What is needed> Pictures within the data are to be left out; everything else must be reproduced exactly.
*** Opening of Data ***
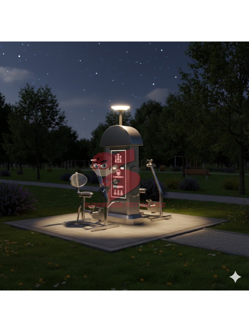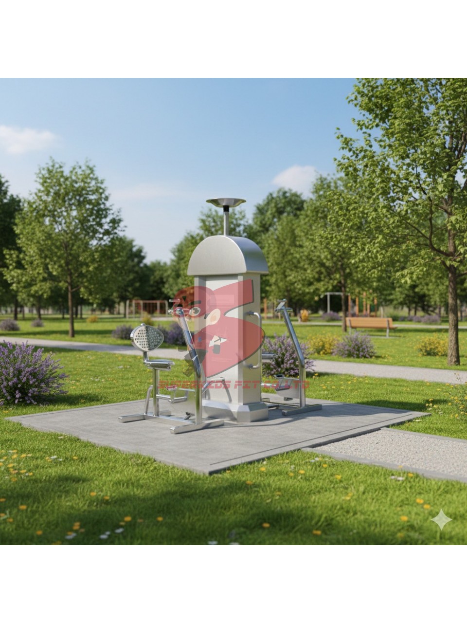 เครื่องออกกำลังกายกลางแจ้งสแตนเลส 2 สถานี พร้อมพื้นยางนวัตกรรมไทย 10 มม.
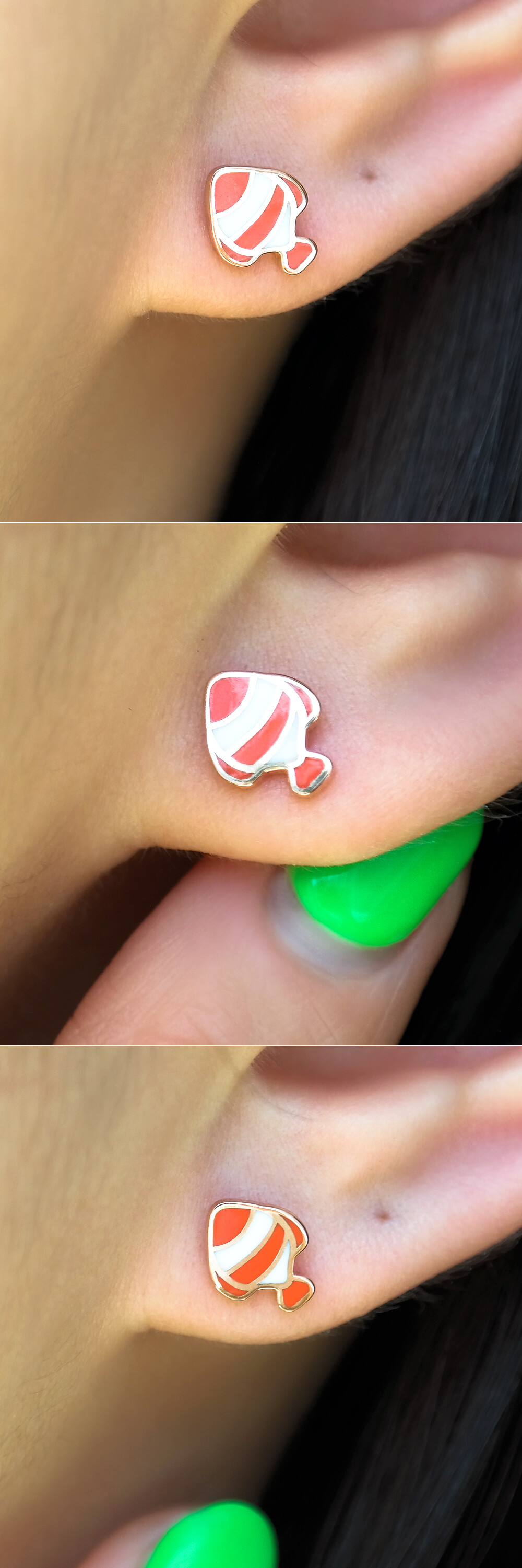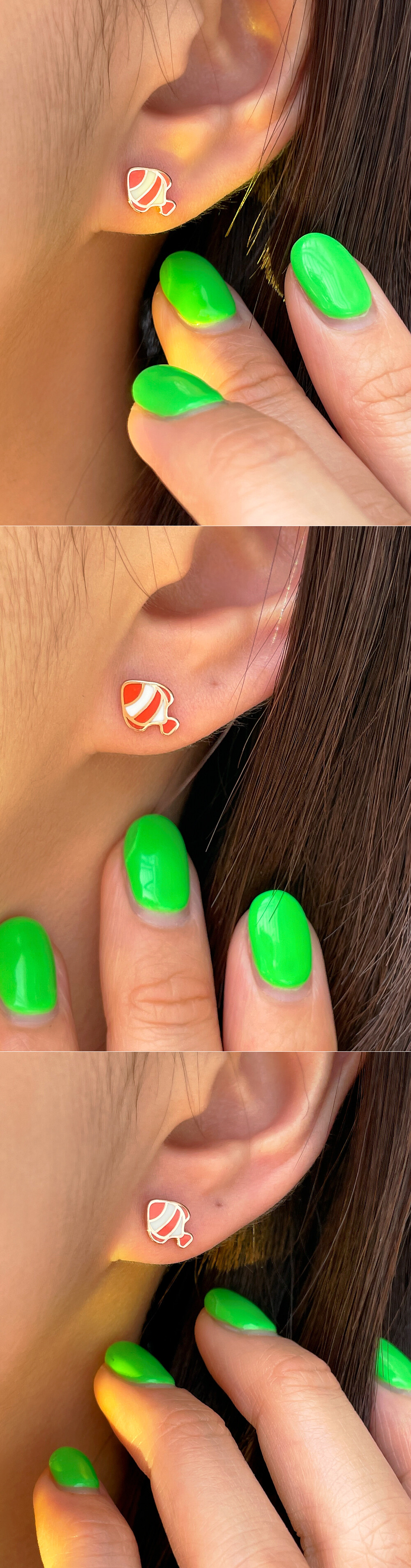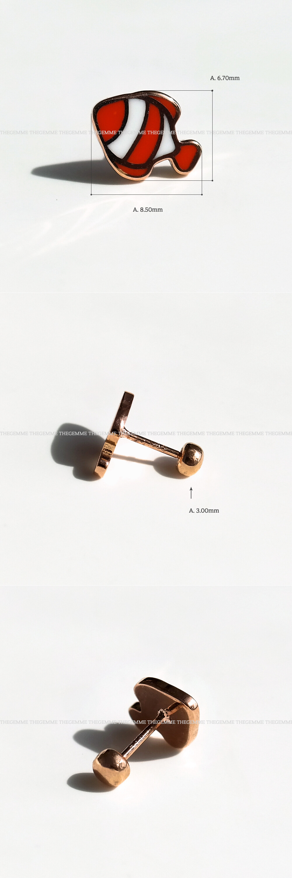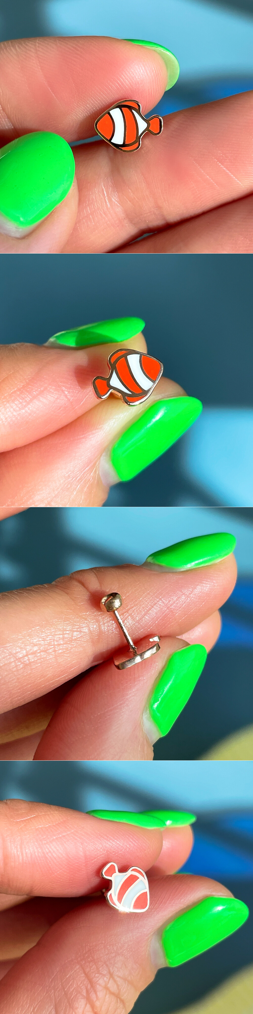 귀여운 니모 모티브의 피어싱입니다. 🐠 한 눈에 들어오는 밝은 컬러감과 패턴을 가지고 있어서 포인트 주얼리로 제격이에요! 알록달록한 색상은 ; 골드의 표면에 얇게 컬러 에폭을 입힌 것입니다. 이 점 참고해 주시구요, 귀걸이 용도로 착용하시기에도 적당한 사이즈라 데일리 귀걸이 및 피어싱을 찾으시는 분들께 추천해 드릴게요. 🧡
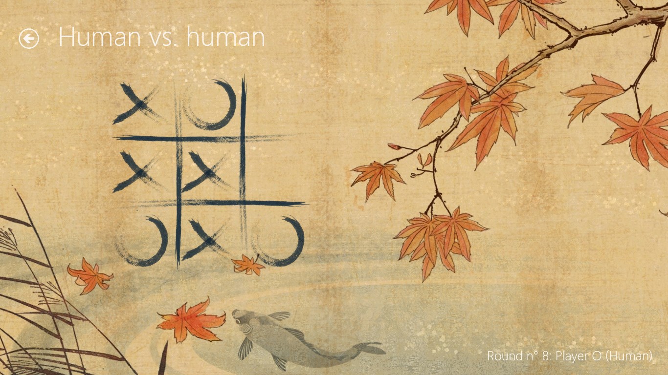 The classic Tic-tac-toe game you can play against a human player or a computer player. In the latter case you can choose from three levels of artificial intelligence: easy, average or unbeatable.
*** Close of Data ***
Response>
 เครื่องออกกำลังกายกลางแจ้งสแตนเลส 2 สถานี พร้อมพื้นยางนวัตกรรมไทย 10 มม.
 귀여운 니모 모티브의 피어싱입니다. 🐠 한 눈에 들어오는 밝은 컬러감과 패턴을 가지고 있어서 포인트 주얼리로 제격이에요! 알록달록한 색상은 ; 골드의 표면에 얇게 컬러 에폭을 입힌 것입니다. 이 점 참고해 주시구요, 귀걸이 용도로 착용하시기에도 적당한 사이즈라 데일리 귀걸이 및 피어싱을 찾으시는 분들께 추천해 드릴게요. 🧡
 The classic Tic-tac-toe game you can play against a human player or a computer player. In the latter case you can choose from three levels of artificial intelligence: easy, average or unbeatable.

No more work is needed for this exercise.